Likewise, the instability that has characterized the composition and direction of the organizing committee of the festival, with frequent changes between each edition has to be avoided, because otherwise the project will ever move towards higher stages. While there was an acceptable gathering of tourists (over seven hundred) arrived in Havana, just to attend the Jazz Plaza still it has not been able to match the recorded in the early nineties, when a British associated company was involved, owner of the famous club Ronnie Scott from London and equally favored the occurrence of a large legion of international jazz musicians.

It's a shame that the fact that the Festival is not prepared from the instant that the edition concludes, but everything is organized at the last minute and no time to almost nothing (sadly a typical peculiarity of the Cuban context), key figures from local jazz musicians and those who today develop their careers elsewhere in the world come to Havana before or after the competition days, so the opportunity to make the necessary arrangements to match the instrumentalists travels with Festival dates is missed. That happened in December 2014, when in Havana we had visits, among others, of such renowned musicians as bassist Felipe Cabrera and pianist Aruán Ortiz.

It would not be bad that numerous jazz festivals that take place in the Caribbean and Central America, in places like Dominican Republic, Puerto Rico, Panama and Cuba, coordinate efforts to make something like a large chain of events, with exchange of musicians of our countries from one and another contest, as well as enhance the visit of tourists interested in the genre, which would be an estimable economic aid to finance meetings such as the Jazz Plaza and others taking place in the region.
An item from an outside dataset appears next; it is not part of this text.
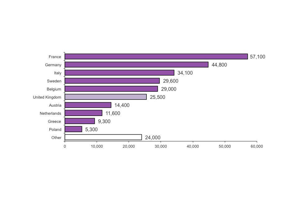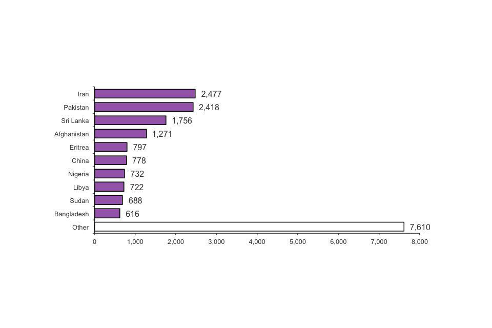 Analysing the data further (table ex.02.w) the main explanation is that most of these Nigerian, Bangladeshi and Sri Lankan nationals were granted extensions as highly skilled individuals under the (Tier 1) Post study route. Since they originally entered via a study route, they are not prominent in the nationality rankings for work-related admissions and visas. Turkish nationals also have special provision to switch into the ‘work route’ under the European Community Association Agreement with Turkey.

You can ensure that the 30th edition of the Jazz Festival Plaza is among the squad of the best ones, besides the above remarks, some of which are beyond the scope of the organizing committee. The effort made by the National Centre for Popular Music and its leadership for the sake of this edition of Cuban jazz festival par excellence was at the recorded height, it deserves the most sincere compliments.

Now, as I write these lines, for a moment I go back long ago and I am in the courtyard of Calzada and 8, with my mother Elga Triana, surrounded by friends and colleagues as Humberto Manduley, Carlitos Lugo (disappeared in November 2014) , Leyma Hidalgo, the researcher Leonardo Acosta, photographers Elio Ojeda and Gonzalo Vidal, journalist José Dos Santos and guitarist Manuel Trujillo. I realize that despite that the ones of that time are no longer the same, the fact of having kept alive the Festival thick and thin since 1980 until today, was quite simply a feat that Cuban jazz lovers always appreciate. I say.